FRONTEND_URL=http://localhost:3000

Next.js Web:

NEXT_PUBLIC_API_URL=http://localhost:3000
WEB_PORT=3001

AI Service (Python/FastAPI):

AI_SERVICE_PORT=8000
AI_SERVICE_URL=http://localhost:8000
CLAUDE_API_KEY=
AI_DEBUG=false
AI_LOG_LEVEL=info

Map Integration:

NEXT_PUBLIC_MAPBOX_TOKEN=

Payment Gateways:

VNPAY_TMN_CODE=
VNPAY_HASH_SECRET=
VNPAY_BASE_URL=https://sandbox.vnpayment.vn/paymentv2/vpcpay.html
VNPAY_API_URL=https://sandbox.vnpayment.vn/merchant_webapi/api/transaction

MOMO_PARTNER_CODE=
MOMO_ACCESS_KEY=
MOMO_SECRET_KEY=
MOMO_ENDPOINT=https://test-payment.momo.vn/v2/gateway/api

ZALOPAY_APP_ID=
ZALOPAY_KEY1=
ZALOPAY_KEY2=
ZALOPAY_ENDPOINT=https://sb-openapi.zalopay.vn/v2

Email / SMTP:

SMTP_HOST=localhost
SMTP_PORT=1025
SMTP_USER=
SMTP_PASS=
SMTP_FROM=noreply@goodgo.vn

Firebase Cloud Messaging (Optional):

FIREBASE_SERVICE_ACCOUNT=

Sentry Error Tracking:

SENTRY_DSN=
NEXT_PUBLIC_SENTRY_DSN=
SENTRY_AUTH_TOKEN=
SENTRY_ORG=
SENTRY_PROJECT=

KYC Field Encryption (REQUIRED Prod):

KYC_ENCRYPTION_KEY=<generate with: openssl rand -hex 32> # 64 hex chars (32 bytes)
KYC_ENCRYPTION_KEY_VERSION=1

Logging:

LOG_LEVEL=info

Backup & Recovery

Automated Daily Backups

Service: pg-backup container (runs inside docker compose)
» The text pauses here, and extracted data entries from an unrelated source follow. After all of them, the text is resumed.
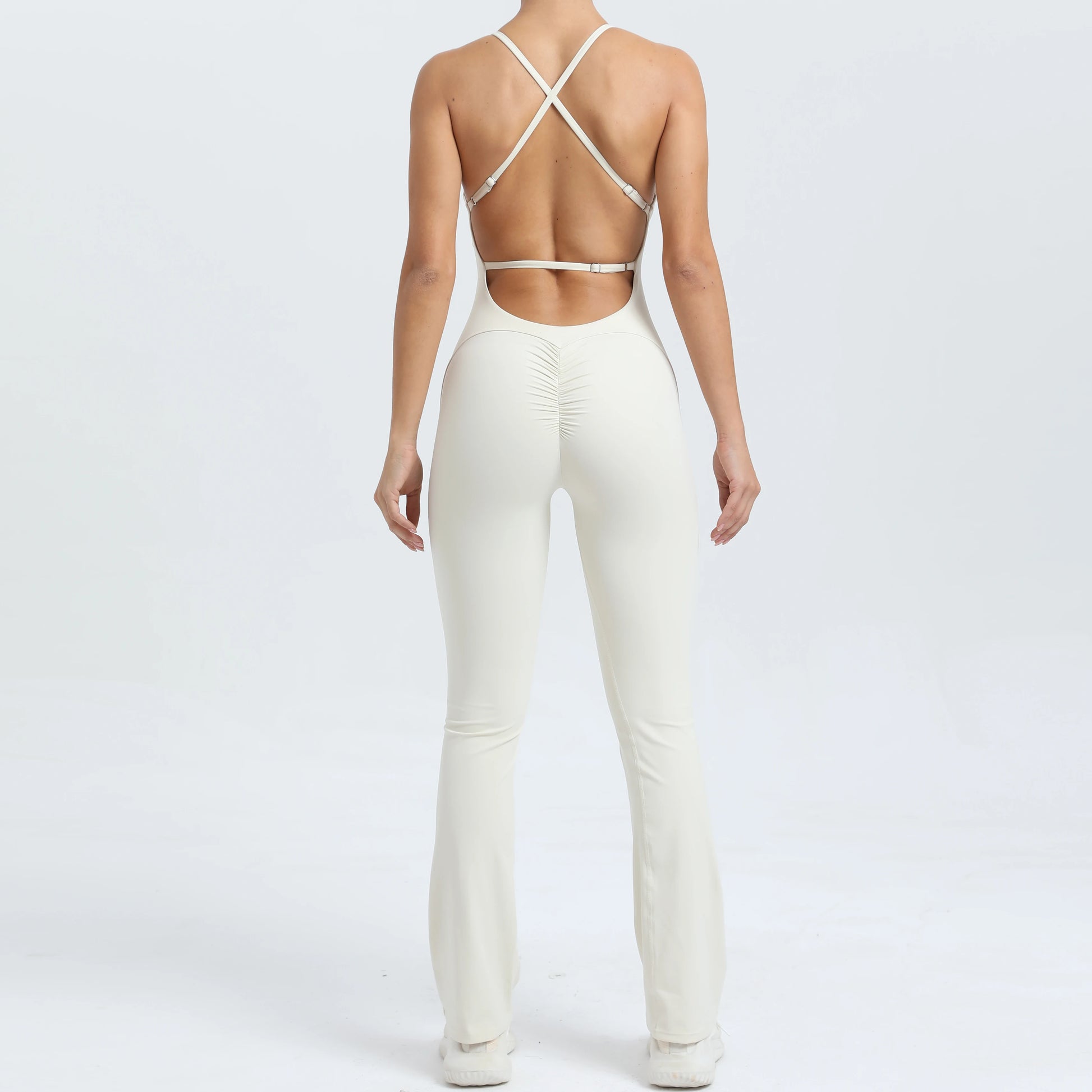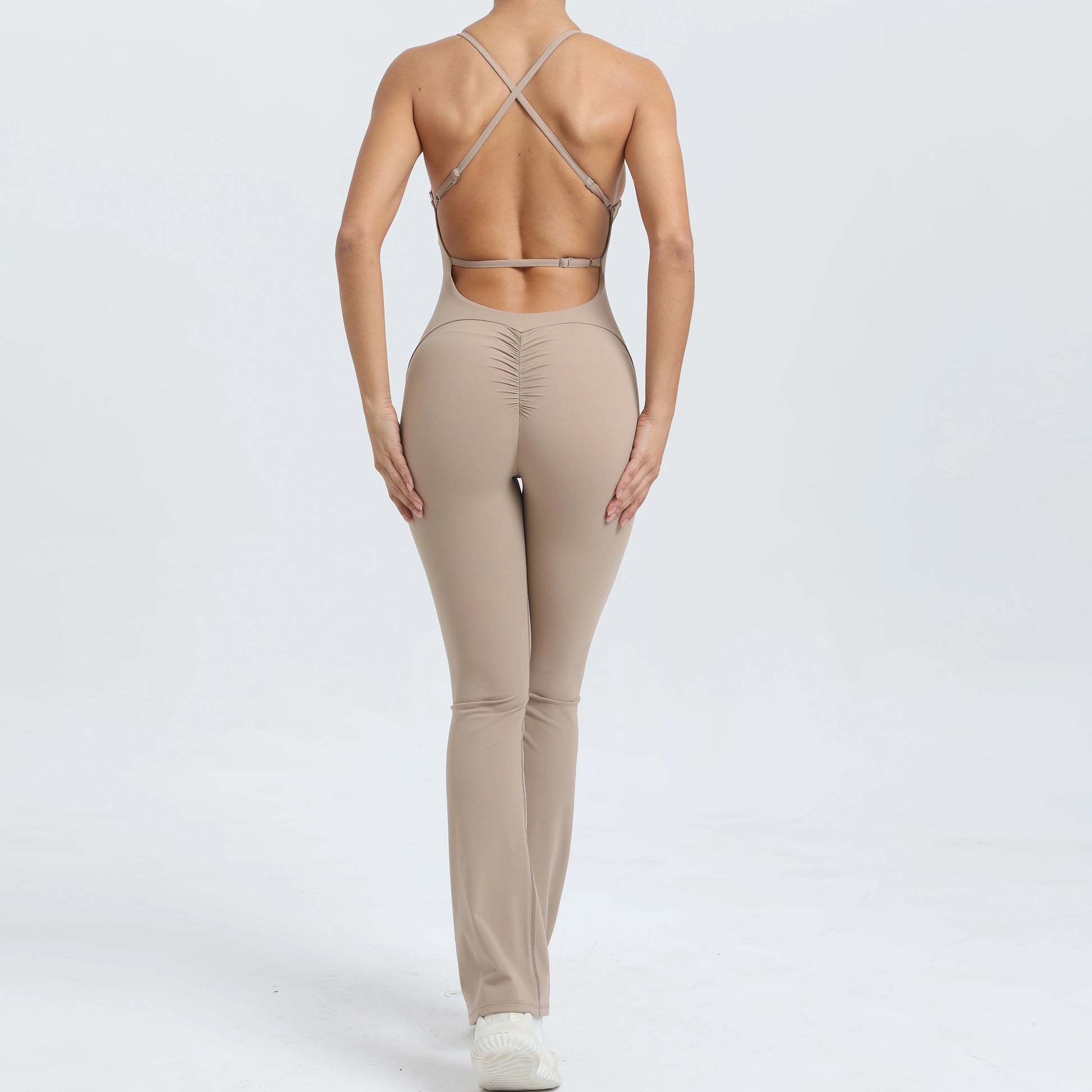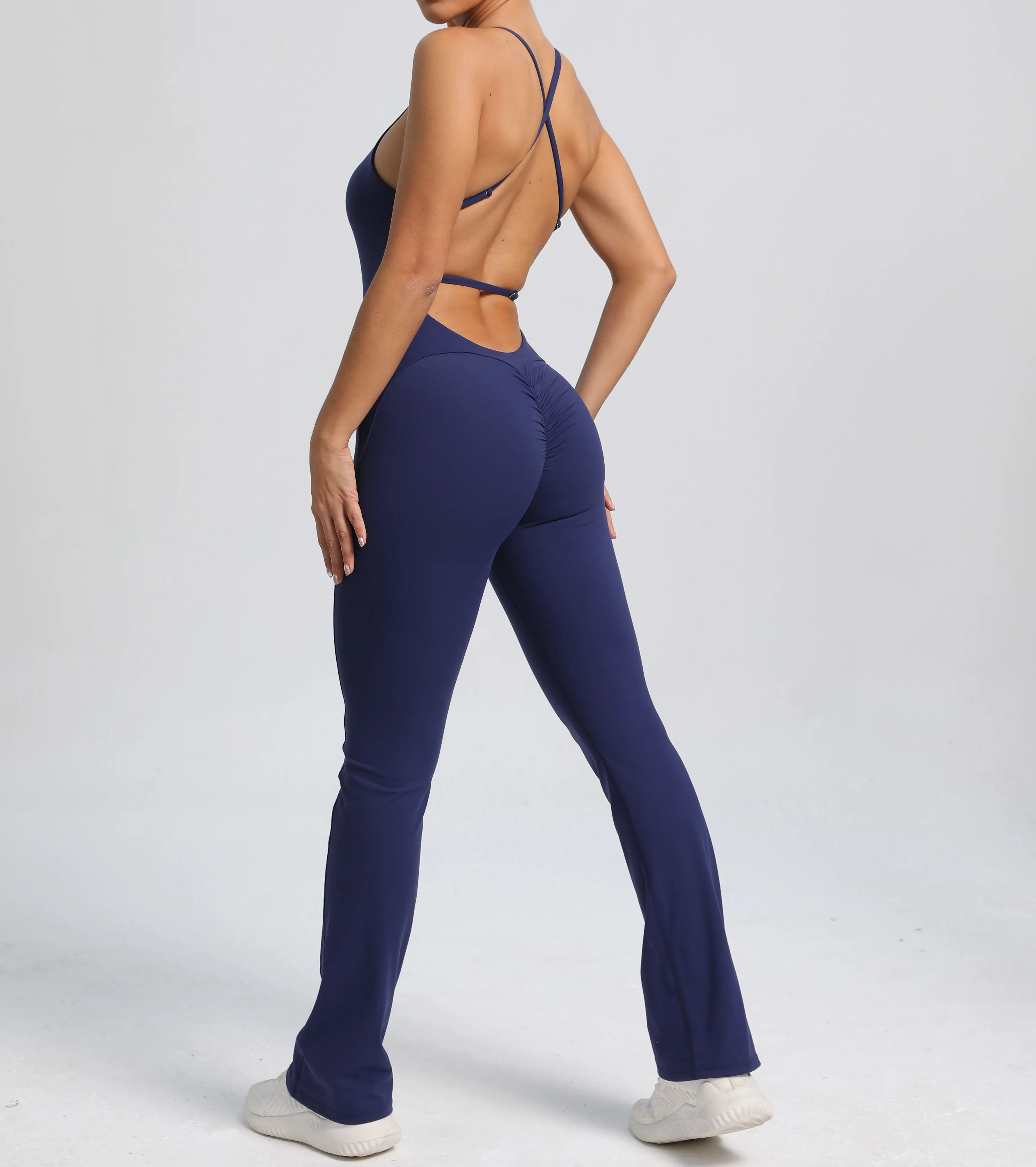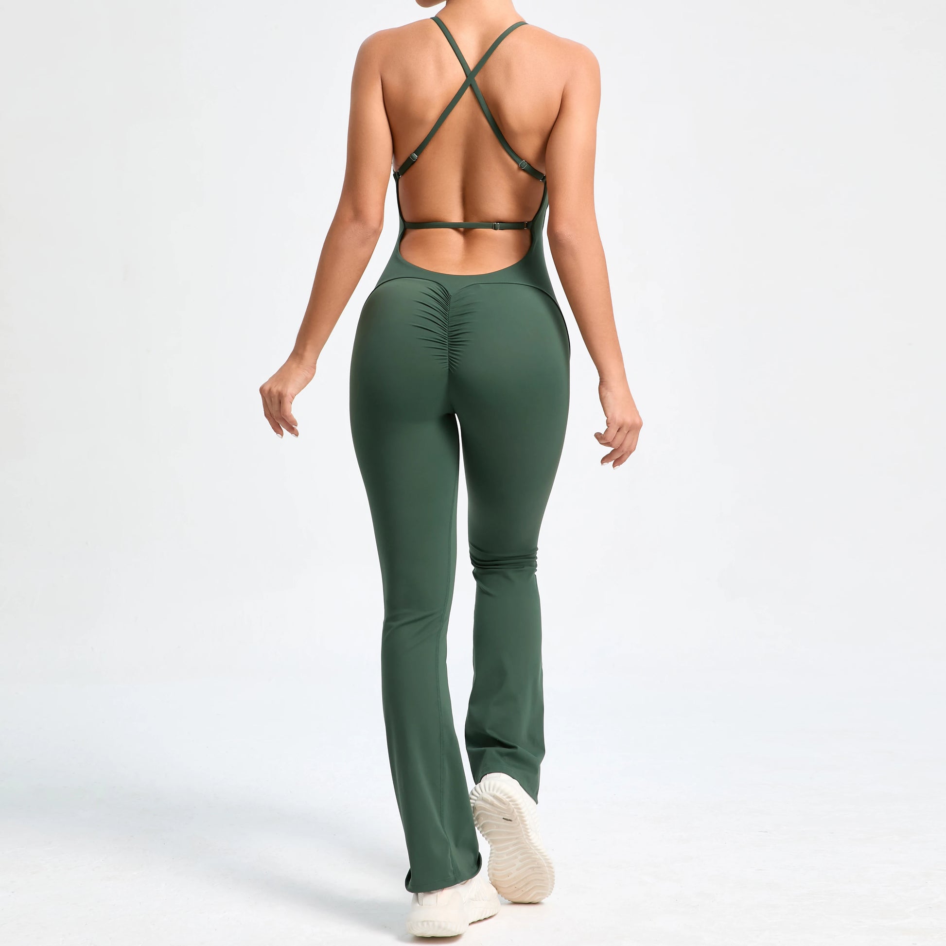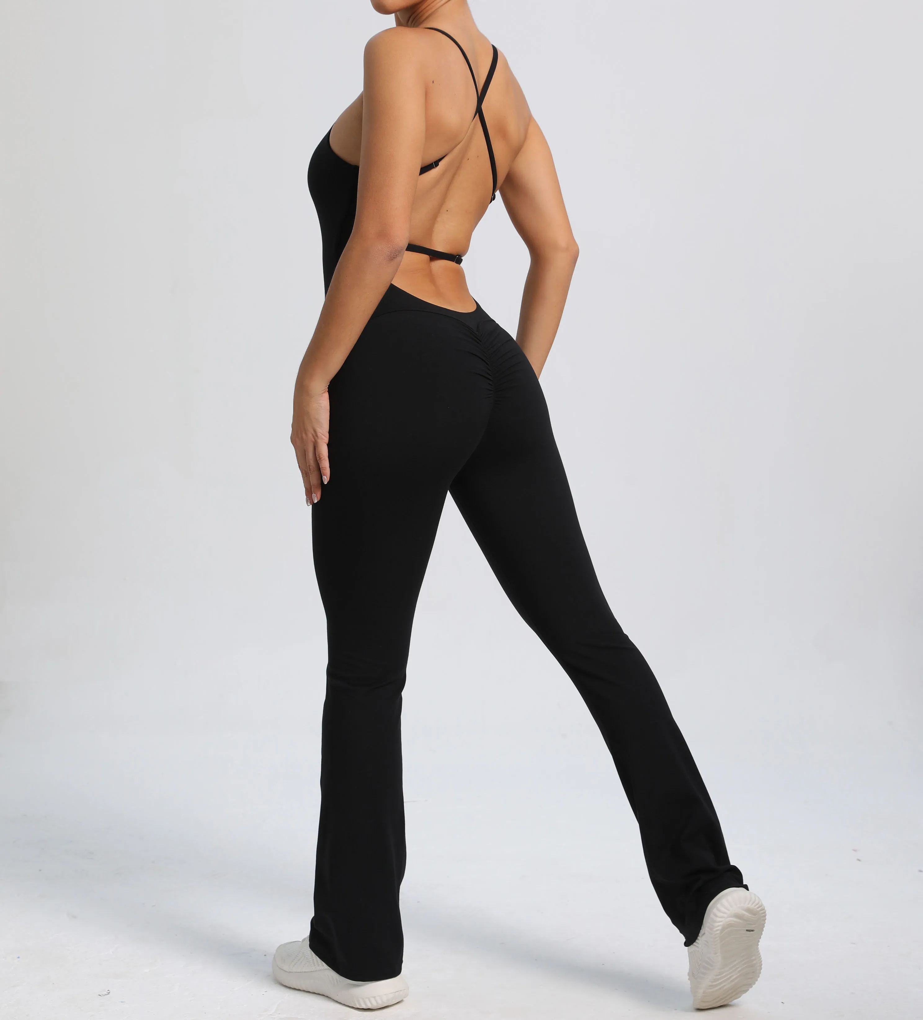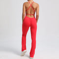 Women Workout Jumpsuit One Piece Fitness Training Yoga Suit Butt Backless Gym Bodysuit Stretch Women Sport Flare Playsuit
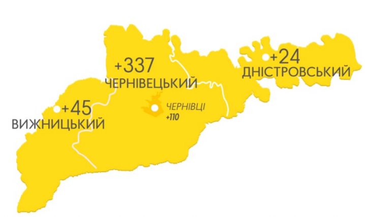 - Чернівецький район +337, із них 110 випадків – у Чернівцях
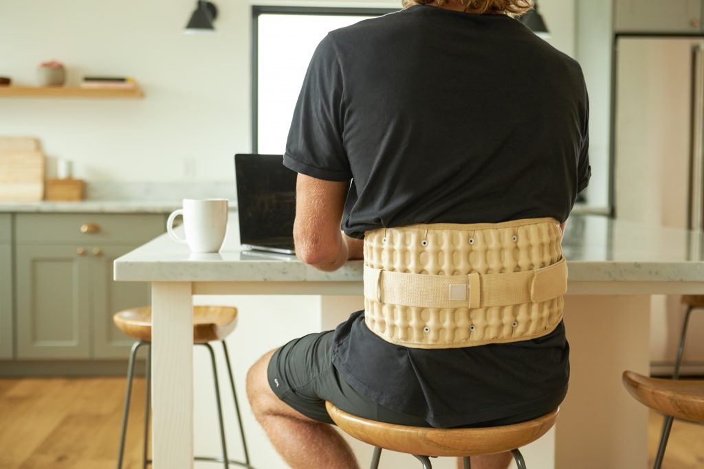 To employ it as a support belt, wrap it snugly around your waist and fine-tune the compression level to your preference. To harness its decompression benefits, recline on your back, encircle the belt around your waist, and utilize the hand pump to initiate inflation.
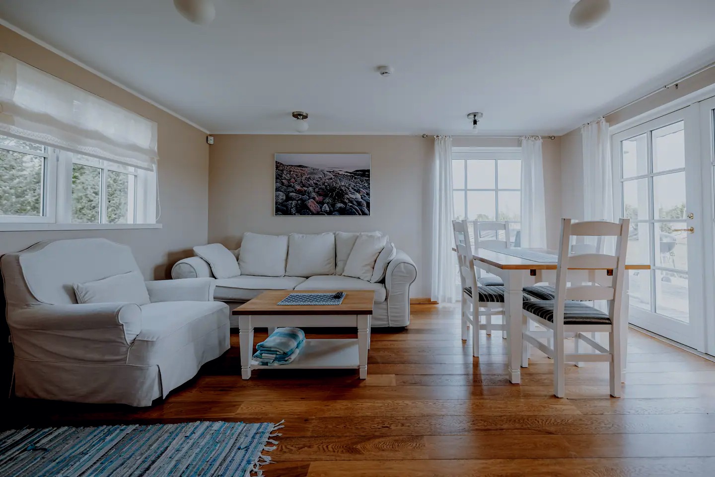 - Σαλόνι: Ένας κεντρικός χώρος για χαλάρωση, παρακολούθηση τηλεόρασης ή για να περνάτε χρόνο με τους καλεσμένους σας.

Backup Script: scripts/backup/pg-backup.sh

# Daily cron job: 02:00 UTC
PGHOST=postgres \
PGPORT=5432 \
PGUSER=goodgo \
PGDATABASE=goodgo \
PGPASSWORD=<secret> \
BACKUP_DIR=/backups \
RETENTION_DAYS=7 \
  /scripts/pg-backup.sh

Behavior:

  1. Creates dump with pg_dump --format=custom --compress=6
  2. Saves as goodgo_YYYYMMDD_HHMMSS.sql.gz
  3. Prunes backups older than 7 days (configurable)
  4. Logs to /var/log/pg-backup.log

Restore from Backup:

# Interactive restore prompt
docker compose -f docker-compose.prod.yml exec pg-backup bash -c \
  'pg_restore -h postgres -p 5432 -U goodgo -d goodgo \
   --clean --if-exists /backups/goodgo_20260410_020000.sql.gz'

# Or using restore script
docker compose -f docker-compose.prod.yml run --rm pg-verify-backup bash -c \
  'source /scripts/pg-restore.sh /backups/goodgo_20260410_020000.sql.gz'

Backup Verification

Service: pg-verify-backup container (on-demand, profile: tools)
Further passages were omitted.